American psychiatrist and clairvoyant

Judith Orloff (born June 25, 1951) is an American board-certified psychiatrist, self-claimed clairvoyant (psychic), and the author of five books.

==Early life and education==
Orloff was born in Philadelphia, Pennsylvania, to Jewish parents Theodore and Maxine Orloff, both of whom were physicians. Her family includes many physicians. She grew up in Beverly Hills, where she later said that she had experienced strong intuitions as a child.
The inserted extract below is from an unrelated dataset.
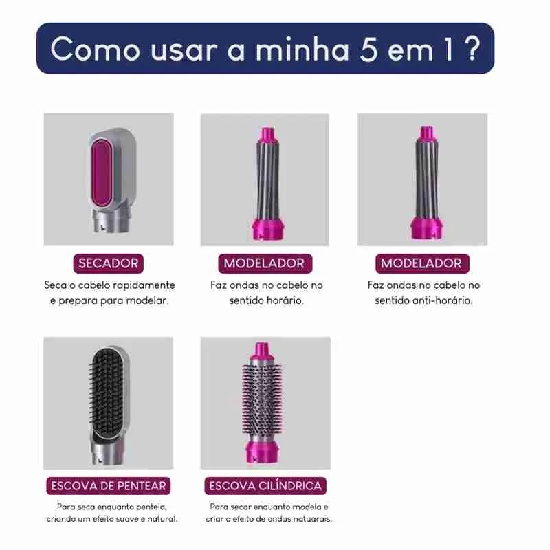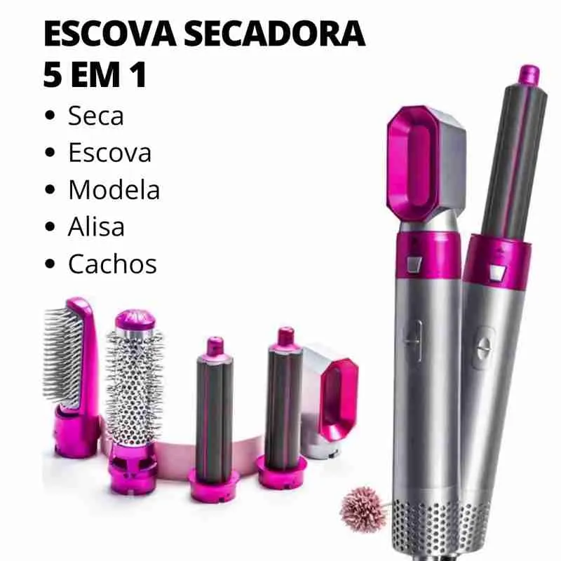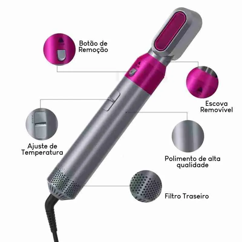 Secador Modelador Alisador Elétrico Ar Quente 5 Em 1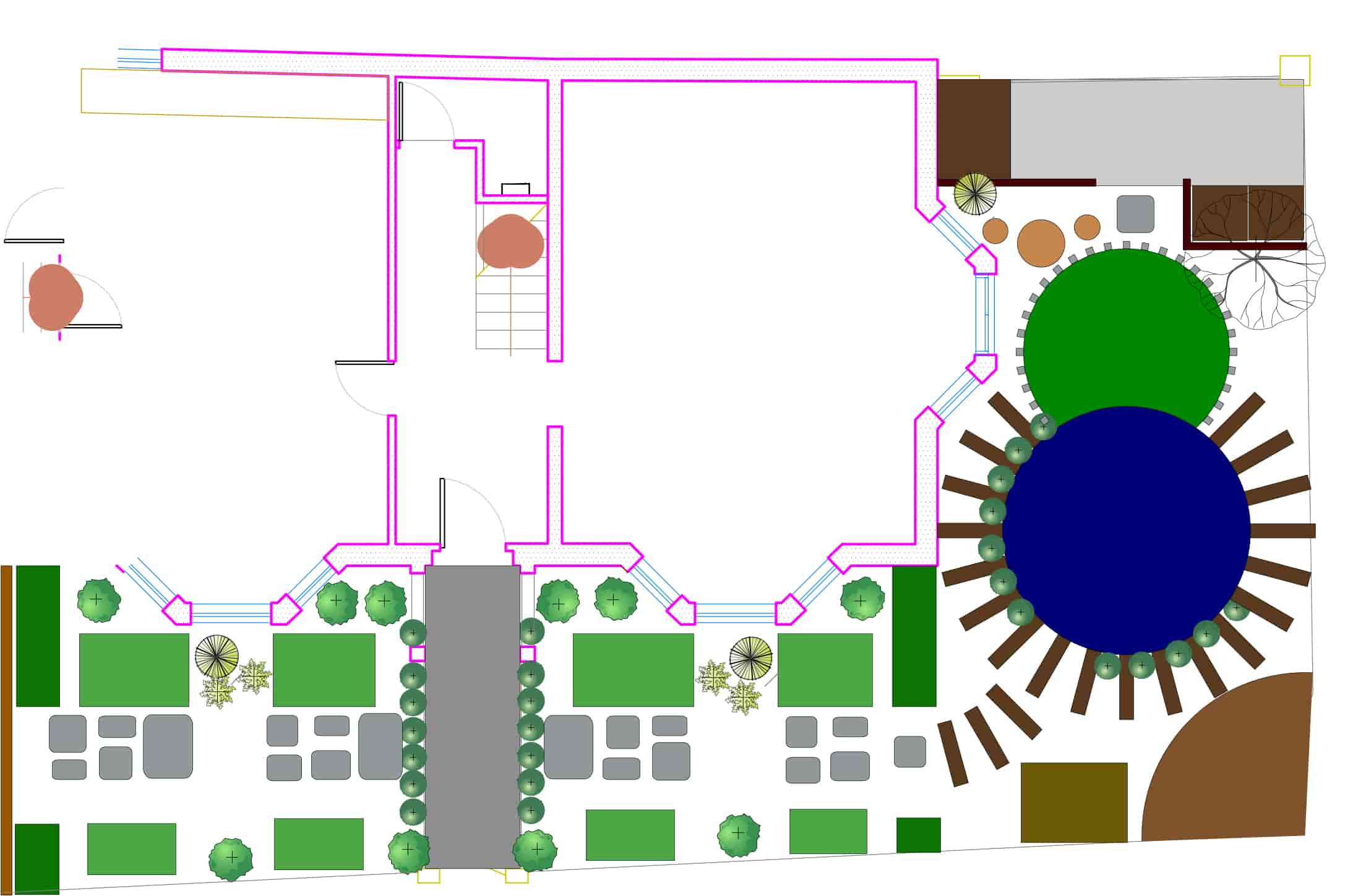 Friendly architectural site plan featuring a building layout, lush greenery, inviting pathways, cozy seating areas, circular features, and rectangular planting zones.

Orloff earned her Doctor of Medicine (M.D.) degree from the University of Southern California in 1979. She completed a medical internship at Wadsworth Veteran's Hospital in Los Angeles in 1980 and held a psychiatric residency at the UCLA Neuropsychiatric Institute from 1979 to 1983.

==Career==
Orloff held staff positions at hospitals in the Los Angeles area (Cedars Sinai Medical Center, St Johns Medical Center, the Daniel Freeman Hospital, and Brotman Medical Center). She opened a private practice in Los Angeles in 1983. She has taken part in what she calls "intuitive research" projects with Thelma Moss, Mobius Group and the Institute of Noetic Sciences, and is a member of the American Psychiatric Association and the Southern California Psychiatric Society. Orloff is an assistant clinical professor of psychiatry at UCLA, and leads workshops on the relationships between medicine, intuition, and spirituality.
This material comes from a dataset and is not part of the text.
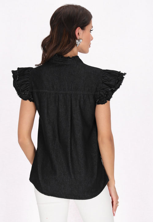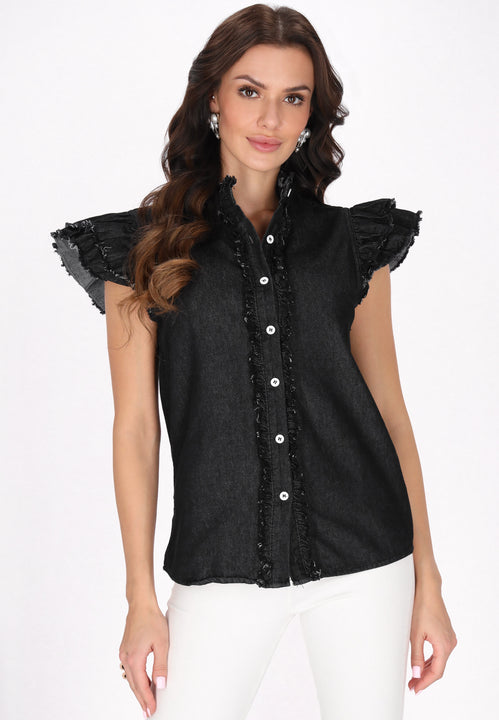Prezentujemy stylową bluzkę z wysokim kołnierzem i falbanką, z krótkimi rękawami zakończonymi rozkloszowanymi krawędziami dla kobiecego akcentu. Ta zapinana na guziki bluzka ma dopasowaną sylwetkę, uzupełnioną surowym wykończeniem na dole, co nadaje casualowy, a zarazem szykowny wygląd. Idealna dla miłośniczek codziennej mody, które szukają modnego dodatku w kolekcji Fashion Look.

Orloff published her first book, Second Sight, in 1996. The Publishers Weekly review said "Orloff's unconventional attempt to bridge the worlds of Freud and the paranormal will appeal to open-minded readers." In her book, Orloff claims to have second sight, and uses the term energy psychiatry to describe her novel psychotherapy model. She also claims to have worked with police departments using her psychic abilities. In 2001, Second Sight was named in testimony before the United States Senate Special Committee on Aging as an example of "irresponsible unscientific work". An updated edition was published by Three Rivers Press in 2010 with a revised subtitle: An intuitive psychiatrist tells her extraordinary story and shows you how to tap your inner wisdom. Orloff has written three more books; her 2009 Emotional Freedom is a New York Times bestseller that has been translated into 15 languages.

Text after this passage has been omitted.